The final portfolio weights \( \mathbf{w}_{t-1}^R \) are computed from an unscaled vector \( \mathbf{w}_{t-1}^\varepsilon \) using:

$$
\mathbf{w}_{t-1}^R = \frac{(\mathbf{w}_{t-1}^\varepsilon)^\top \Phi_{t-1}}{\left\|(\mathbf{w}_{t-1}^\varepsilon)^\top \Phi_{t-1} \right\|_1}
$$

Where:

- \( \mathbf{w}_{t-1}^\varepsilon \): raw weights from the feedforward network.
- \( \Phi_{t-1} \): the mapping from factor space (residuals) to asset space.
- The **L1 normalization** ensures:

$$
\left\| \mathbf{w}_{t-1}^R \right\|_1 = 1
$$

This constrains the portfolio to be **dollar-neutral** and leverage-controlled.


#### Why is this important?

1. **Risk Control**  
   Dollar-neutral portfolios remove exposure to the overall market (beta), so returns reflect **pure arbitrage** opportunities.

2. **Sharpe Ratio Consistency**  
   Fixing total exposure prevents the model from inflating returns and risk through unbounded leverage. This makes **Sharpe ratio optimization meaningful**.

3. **Comparability and Robustness**  
   Normalized weights allow **comparison across time** and **between models**, and simulate realistic trading strategies with constraints.

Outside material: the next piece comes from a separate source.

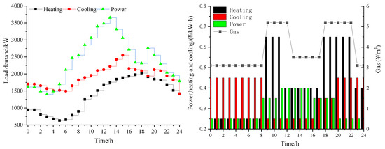 The Xinxiang Active Distribution Network Demonstration Project includes 1000 kW PV, 800 kW WPP, and 2000 kW CGT. The cost parameters of CGT operation were selected according to reference [21]. In order to facilitate the model solution, the CGT operation cost function was divided into two stages, and the slope coefficients were 0.55 ¥/kW and 0.15 ¥/kW, respectively. In order to meet the demand of the multi-energy load of electricity, heat and cold, the demonstration project was equipped with P2H 1500 kW, P2C 1000 kW, H2C 1500 kW, and P2G 150 kW. The maximum energy storage and release power of PS and HS in this demonstration project was 200 kW and 300 kW, the storage capacity was 1000 kW h, the maximum energy storage and release power under CS was 300 kW, and the energy storage capacity was 1000 kW/h. In addition, the demonstration project was equipped with a 500 m3 gas storage tank, and the maximum gas storage and supply power were both 150 kW. The energy efficiency of the different energy equipment was 96%. Considering that CGT operation can generate carbon emissions, this paper took 85% of the total carbon emissions from MEG operation as the MTEA, and chose a different energy load demand and real-time price of a typical load day as the basic data of the energy supply. Figure 3 is the electricity, heating, cooling, and gas load demand on a typical load day.

> "*We include this normalization step to prevent uncontrolled leverage and to focus on relative pricing discrepancies rather than market direction.*"


### Summary

> G. Ordoñez enforces dollar-neutrality by **L1-normalizing** the raw allocation vector, ensuring **balanced long and short exposure**, better risk management, and robust out-of-sample optimization.